The primary beneficiaries of the proposed work will be patients with active or latent TB and the physicians managing these patients. By investigating the role of vitamin D in the immune response to both latent and active TB, we more clearly define the potential role for the therapeutic use of vitamin D in both settings. For patients with active TB, there remains the potential for supplementation of vitamin D to enhance the efficacy of antituberculous therapy (ATT), with greater benefits to be found in those with difficult to treat TB such as MDR TB and HIV co-infected patients. This has clear benefits in terms of reduction in the significant associated morbidity and mortality. In those contacts with latent TB, the role of vitamin D may be to prevent reactivation to active TB. Not only does this reduce morbidity in these patients, it reduces risks of transmission to previously uninfected individuals with consequent public health benefits and an improvement in the health and wellbeing of the wider population. Furthermore, if the hypothesis that vitamin D has differential effects in latent to active TB is proven, the interpretation of the tuberculin skin test (TST) will require consideration of the patients' vitamin D status to interpret it appropriately; i.e. we may be underestimating the incidence of latent TB in contacts of TB when relying on the TST in vitamin D deficient patients.

The application of the use of microarray data in the longitudinal analysis of patients on TB treatment, with or without vitamin D, will also provide a basis from which to identify new target molecules for drug therapy or immunomodulation, as well as provide insight into potential new uses of vitamin D, such as, as an adjuvant to vaccination.

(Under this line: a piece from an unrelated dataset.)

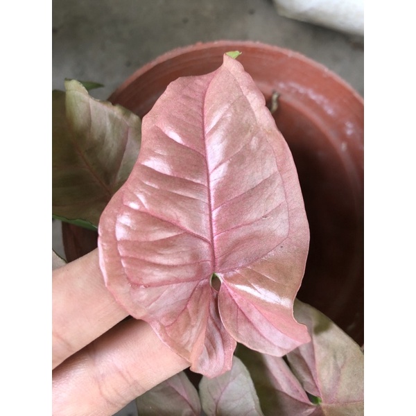 • Cây thuộc họ thân mềm, lá gần như lá môn, có màu hồng sáng.

Again, the wider impact of this will be vast given the huge worldwide burden of TB.

Study of the effect of vitamin D in tuberculosis will also provide insight into its roles in the immune response in general, thereby informing research in other immune disorders, including multiple sclerosis and diabetes. This will, therefore, benefit a wider patient population.

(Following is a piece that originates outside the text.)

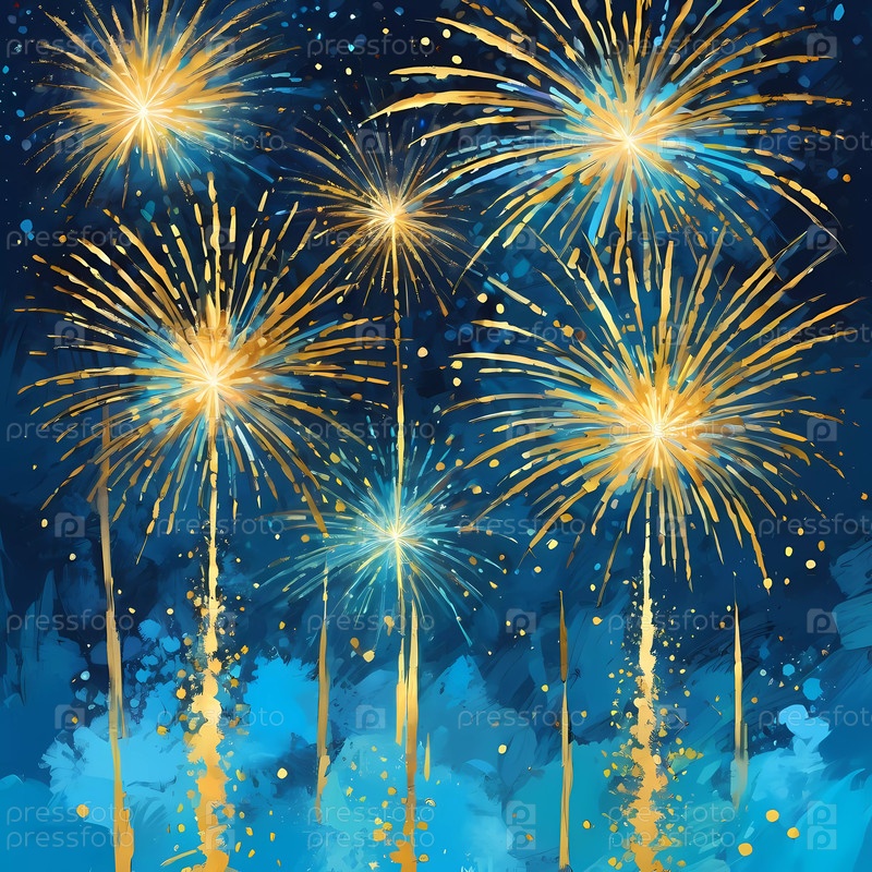 Красочные фейерверки освещают ночное небо, когда люди празднуют Новый год. Вспышки золота и синего цвета вызывают радость и волнение, отмечая новый старт. Фейерверки взрываются на темном небе. Генеративный ИИ

Although often used in practice, there remains a need for further scientific evidence for the use of vitamin D in patients with TB infection. My project will add to this body of evidence, informing policy (from bodies such as SIGN and NICE) and national management guidelines. At present, there is no comprehensive national screening programme for new entrants on arrival to the UK. If shown to augment the immune response in patients with latent TB, we highlight the role for screening new entrants from high endemicity countries, and supplementation of vitamin D in order to prevent active TB. As a safe and cheap medication, the use would not need to be limited to resource-rich countries alone. In the longer term, this will result in health economic savings and an increase in productivity of the predominantly young population affected by TB in the UK. This work will provide data to inform later use of clinical trials required to take such an intervention forward.

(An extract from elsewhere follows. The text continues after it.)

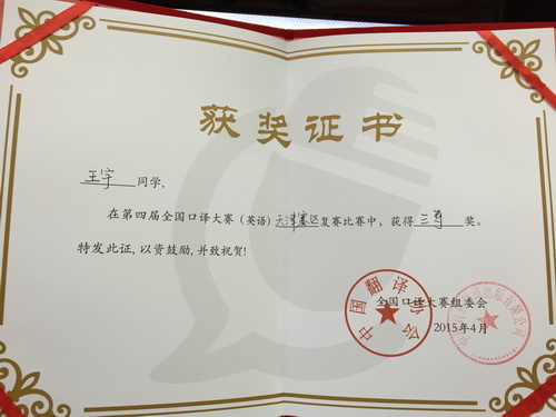 4 月 25 日上午,第四届全国口译大赛天津赛区复赛在天津外国语大学科研楼报告厅举行,来自南开大学、天津外国语大学、天津师范大学等高校的 21 名翻译方向的本科生和研究生同台竞技,共展风采。永利官网外国语学院的三位研究生参加了角逐,并取得了可喜成绩,其中 2014 级研究生王宇获大赛三等奖,另两位选手鲁易和祝燕获优秀奖。外国语学院副院长王占斌教授应邀担任评委,为本次大赛 5 位专家评委之一。

In a wider sense, the publication and communication of our work in peer-reviewed journals, conference presentations and press statements, will increase international recognition of TB research in the UK. Close collaboration with clinicians running the TB services will also raise the profile of research and its vital role in the practice of clinical medicine and improving patient care.
On a personal level, I will gain many useful research skills, including critical appraisal and review of literature, leadership and management skills, which are directly transferable to clinical work and will enhance my practice of evidence-based medicine and that of my junior team. This in itself will have indirect effects by encouraging juniors interested in academic medicine to themselves undertake research.